Cape Town - Government will continue to assist the Reserve Bank to accumulate foreign exchange reserves and engage in foreign currency swaps to moderate the effect of capital inflows on the exchange rate, the Minister of Finance Pravin Gordhan revealed today.
Gordhan said in his Budget Speech, the Rand last year appreciated by 12% against a trade-weighted basket of currencies.
From December last year, to halfway through this month, the rand depreciated by about 10%.
The Reserve Bank spent R53 billion on foreign exchange reserve accumulation in 2010 - about 2% of GDP.
South Africa's foreign exchange reserves last year increased by US$5.8 billion to US$45.5 billion.
Between last month and August last year, the Reserve Bank entered into long-term currency swaps worth US$4.3 billion, to sterilise foreign currency flows.
While capital inflows to developing countries are expected to continue over the long term, they will remain "inherently volatile," said Gordhan.
Net private inflows to emerging markets increased to US$908 billion last year from US$581 billion in 2009.

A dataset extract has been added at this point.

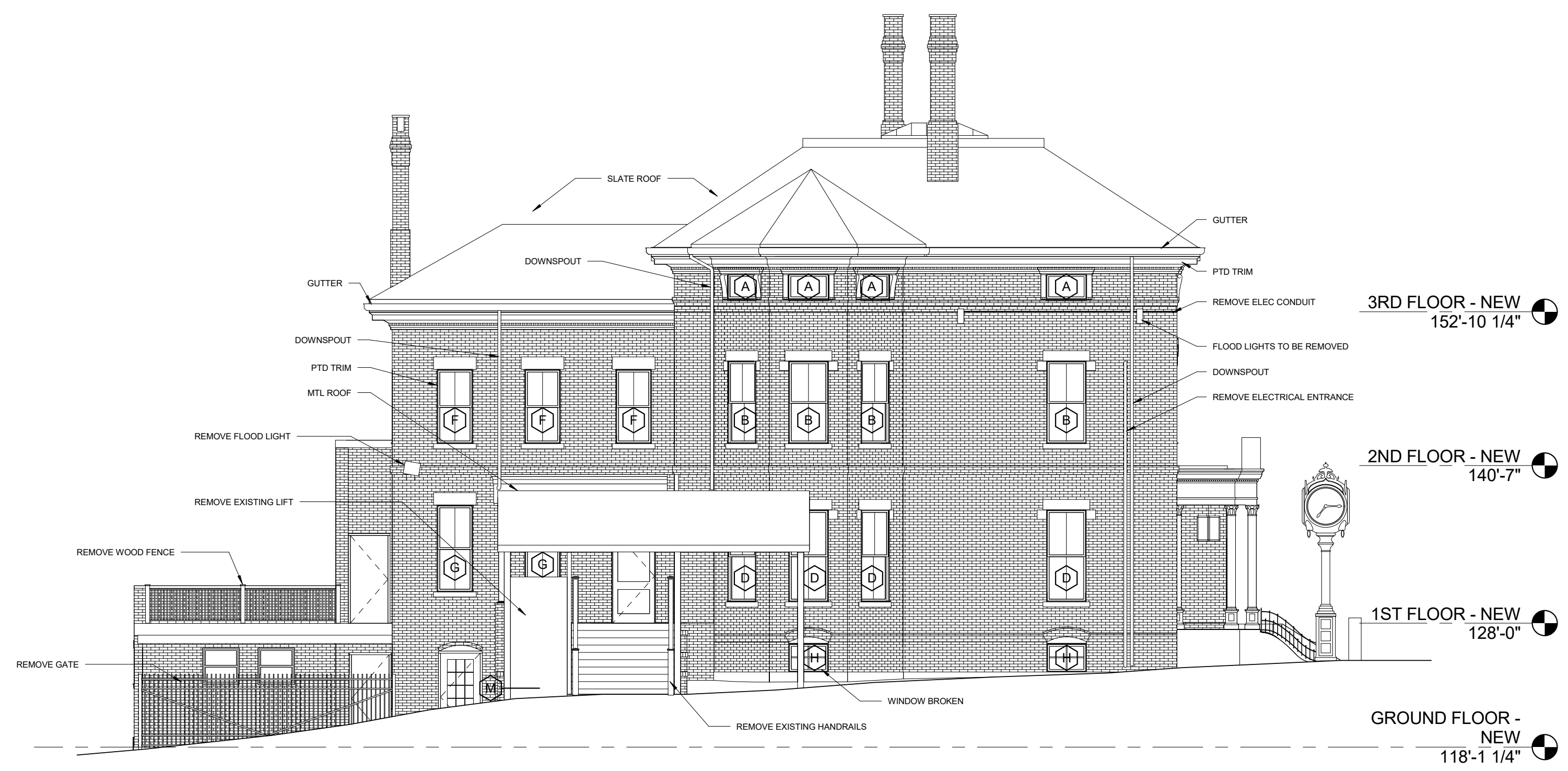
3 EXISTING LEFT ELEVATION 1/8" = 1'-0"

The Rand was not alone in its strong appreciation last year - strong capital flows during 2010 led to significant appreciation of several emerging currencies, such as the Brazilian Real, the
Indonesian Rupee and the South Korean Won.

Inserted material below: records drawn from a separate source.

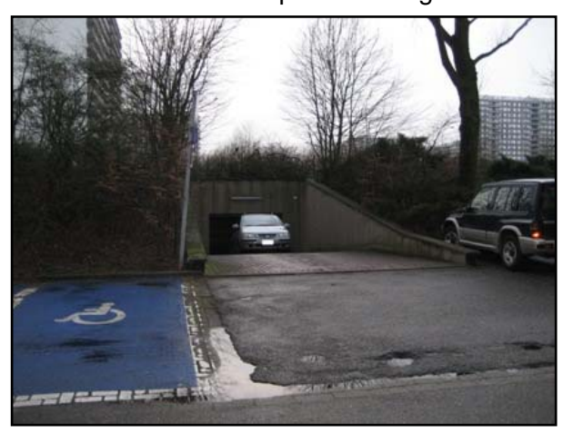
Figure 3: the entrance of one of the vast underground parkings at Europark

In one of these exercises people walked with closed eyes through the pedestrian tunnel below the river Scheldt. As a special structure the tunnel makes specific trajectories possible. It connects the two important living domains of inhabitants, the neighbourhood and the city
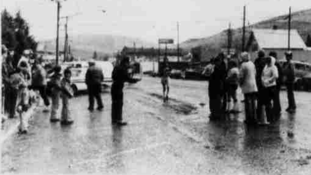
The finish line...Looking good!
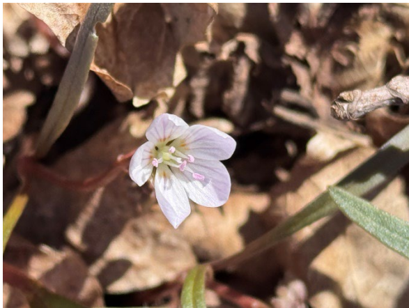
Claytonia virginica in bloom March 28.

Yesterday, I saw my first spring beauty in the Ann Arbor area, looking for a patch of harbinger-of-spring ( Erigenia bulbosa – a tiny but lovely thing that should be great to display in a trough – it looks just like an alpine).

Gordhan said the capital inflow management problem was largely confined to a subset of emerging market economies, namely: Brazil, China, India, Indonesia, Malaysia, Mexico, South Africa and Turkey, which received 95 percent of portfolio equity flows to emerging countries last year.

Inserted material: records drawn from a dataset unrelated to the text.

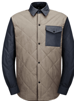
Insulated Shirt Jacket Starting at $169 MSRP
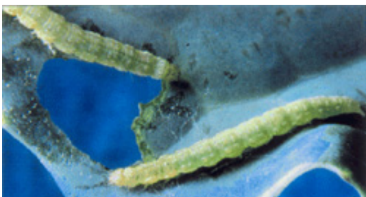
Figure 3. Large caterpillars of diamondback moth
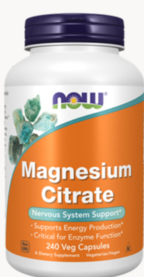
Magnesium Citrate 240 VCaps - $37.99

Supports nerve/muscle function. Why: Relaxes muscles post-workout.
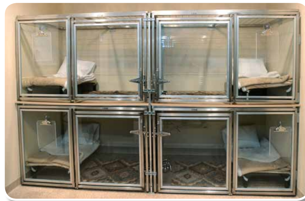
Designed by TWC Architecture and Construction

He said last year the accumulation of reserves was the tool widely used to manage capital inflows.
Gordhan said the Institute for International Finance expects these inflows to remain high during this year.
While high capital inflows can help finance domestic investment, they represent a risk as they can contribute to overvalued currencies and create domestic asset bubbles.
Gordhan said the IMF is promoting international "rules of the road" to manage capital flows and forestall the rush to protectionism or competitive devaluations.